Kementerian Keuangan (Kemkeu) mencatat realisasi penerimaan pajak penghasilan (PPh) orang pribadi (OP) dan PPh 21 mencapai Rp 191,66 triliun hingga Oktober 2025. Angka ini turun 12,8% dibandingkan dengan periode sama tahun lalu.
Menurut Direktur Jenderal (Dirjen) Pajak Bimo Wijayanto, terkontraksinya penerimaan PPh ini imbas kebijakan tarif efektif rata-rata (TER) di awal 2025. Pada awal tahun, skema perhitungan PPh 21 melalui TER dinilai menimbulkan banyak masalah, baik bagi otoritas pajak, perusahaan, maupun karyawan.
Namun demikian, realisasi PPh 21 secara bruto mencapai Rp 214,6 triliun hingga Oktober 2025, naik 3,6% dibandingkan periode sama tahun sebelumnya. Bimo menyebut, ini sejalan dengan jumlah penduduk bekerja yang mengalami peningkatan. Dari 145,77 juta pekerja pada Februari 2025, menjadi 146,54 juta pekerja pada Agustus 2025.
“Pertumbuhan PPh 21 sejalan dengan pertumbuhan penduduk bekerja, sejalan survei ekonomi nasional dan update Survei Angkatan Kerja Nasional Agustus 2025. Jumlah penduduk bekerja meningkat jadi 146,5 juta,” kata Bimo dalam rapat kerja bersama Komisi XI DPR, Senin (24/11).

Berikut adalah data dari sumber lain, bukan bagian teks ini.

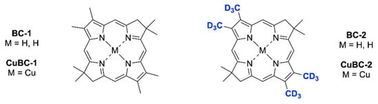 We considered the direct deuteriation of BC-1 to prepare BC-2. In this regard, Godziela and coworkers reported the partial exchange of the protons on the β-pyrrolic methyl groups of ClFe(III)-porphyrins upon treatment with tetrabutylammonium hydroxide in dimethylsulfoxide-d6 [36]. Given that (1) the exchange was incomplete and had an obligatory requirement for the presence of the ferric chelate, and (2) metalation of electron-rich bacteriochlorins is challenging [37], we elected to pursue the de novo synthesis of BC-2 beginning with suitable deuteriated precursors. The synthesis of pyrroles bearing deuteriated β-methyl groups is strongly precedented by work in the porphyrin arena, chiefly by Smith and coworkers [38,39,40,41,42,43,44]. A key question in the present work was whether such a deuteriated pyrrole could be converted with isotopic fidelity to the corresponding bacteriochlorin. Here, we present the synthesis of BC-2 and the copper chelate (CuBC-2), characterization of the isotopic purity, and investigation of the resonance Raman spectrum of CuBC-2 and analogues.
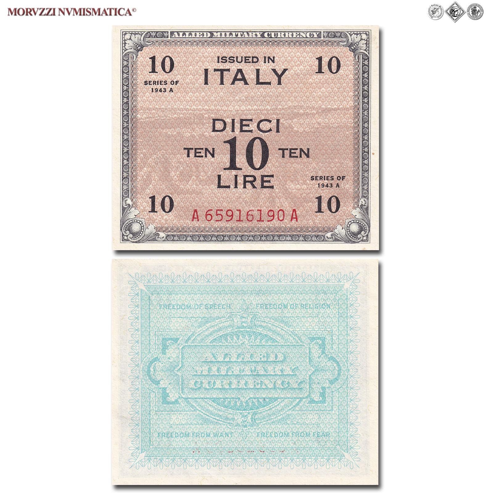 Italia, Occupazione Americana, ALLIED MILITARY CURRENCY, AM LIRE 10, Bilingue, Tipografia: FLC (Forbes Lithograph Corporation), 1943 A, D/ Sullo sfondo paesaggio agricolo con covoni di grano e contorno nero; scritta "DIECI LIRE - TEN TEN" al centro e cifra "10" sui quattro angoli, R/ Al centro scritta "ALLIED MILITARY CURRENCY" e tutto intorno le quattro libertà costituzionali statunitensi: "Freedom of Speech - Freedom of Religion - Freedom from Want - Freedom from Fear", Rif. bibl. Crapanzano, OS57A; (CM133289), Firme: FLC, di serie: A 65916190 A, FDS
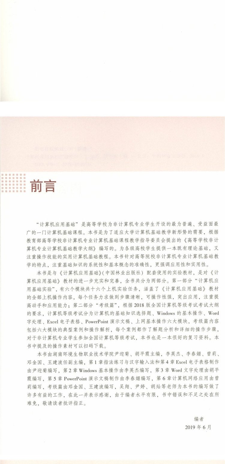 计算机应用基础实验指导 0129 尹迎菊 胡平霞 国家林业和草原局职业教育十三五规划教材 中国林业出版社 畅销书
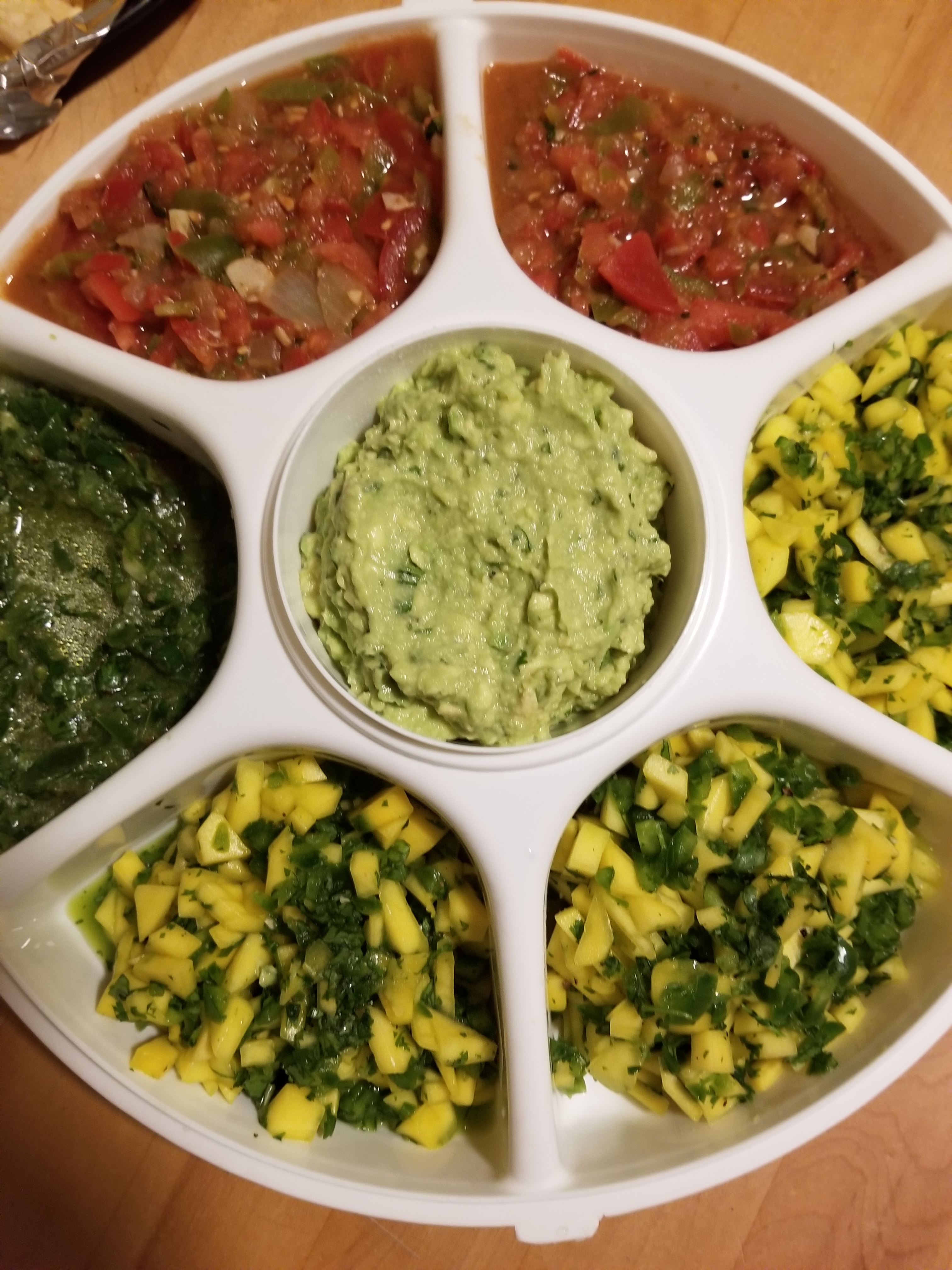 Mango Salsa: Slightly hard mangoes (very important!), lime, cilantro, a little salt and pepper.
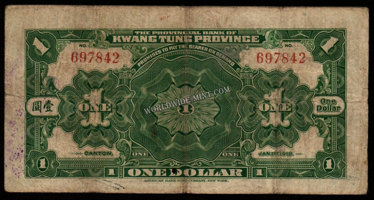 China (Kwangtung Province) 1 Dollar 1918 Kwangtung Provincial Fine Bank Note #UCN305
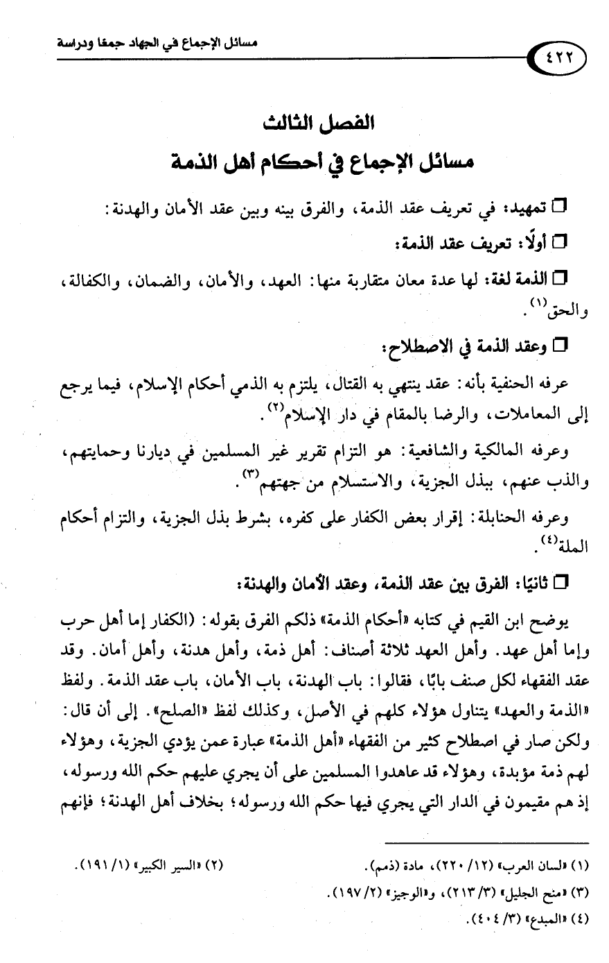 الفصل الثالث: مسائل الإجماع في أحكام أهل الذمة

Konsultan Pajak Botax Consulting Indonesia Raden Agus Suparman menilai, pеnyumbang terbesar penurunan PPh orang pribadi dan PPh Pasal 21 adalah penerimaan PPh Pasal 21. Ini terjadi lantaran pada tahun 2025 tercatat sejumlah pemutusan hubungan kerja (PHK) besar-besaran.
Berdasarkan data dari satu-data.kemnaker.go.id, jumlah karyawan terkena PHK sampai dengan bulan Oktober 2025 mencapai 70.244 dan terbanyak ada di Jawa Barat, yaitu sebanyak 15.657 pekerja. “Saya yakin, data sebenarnya pasti lebih banyak, karena tidak dilaporkan ke Kementerian Tenaga Kerja,” tandas Raden, Senin (24/11).
Akibat dari gelombang PHK tersebut, lanjut Raden, Ditjen Pajak kehilangan penerimaan PPh Pasal 21. “Perusahaan sebelumnya memotong PPh Pasal 21 dari buruh dan pegawainya, setelah PHK tidak lagi memotong PPh Pasal 21, atau pembayaran PPh Pasal 21 berkurang dari sebelum PΗΚ,” tambah Raden.
Direktur Eksekutif Center of Economic and Law Studies (Celios) Bhima Yudhistira menilai, pemerintah perlu menaikkan batas penghasilan tidak kena pajak (PTKP) yang diharapkan akan mendorong belanja masyarakat. Misalnya, menaikkan ke angka Rp 7,5 juta per bulan, dari yang saat ini Rp 4 juta per bulan.
“Jadi disposable incomenya bisa lebih besar dan itu justru akan memicu terjadinya pembukaan lapangan kerja di berbagai sektor-sektor lainnya,” kata Bhima, kemarin. Terlebih, pemerintah jarang memberikan insentif, meski PPh 21 yang dijadikan tumpuun penerimaan pajak.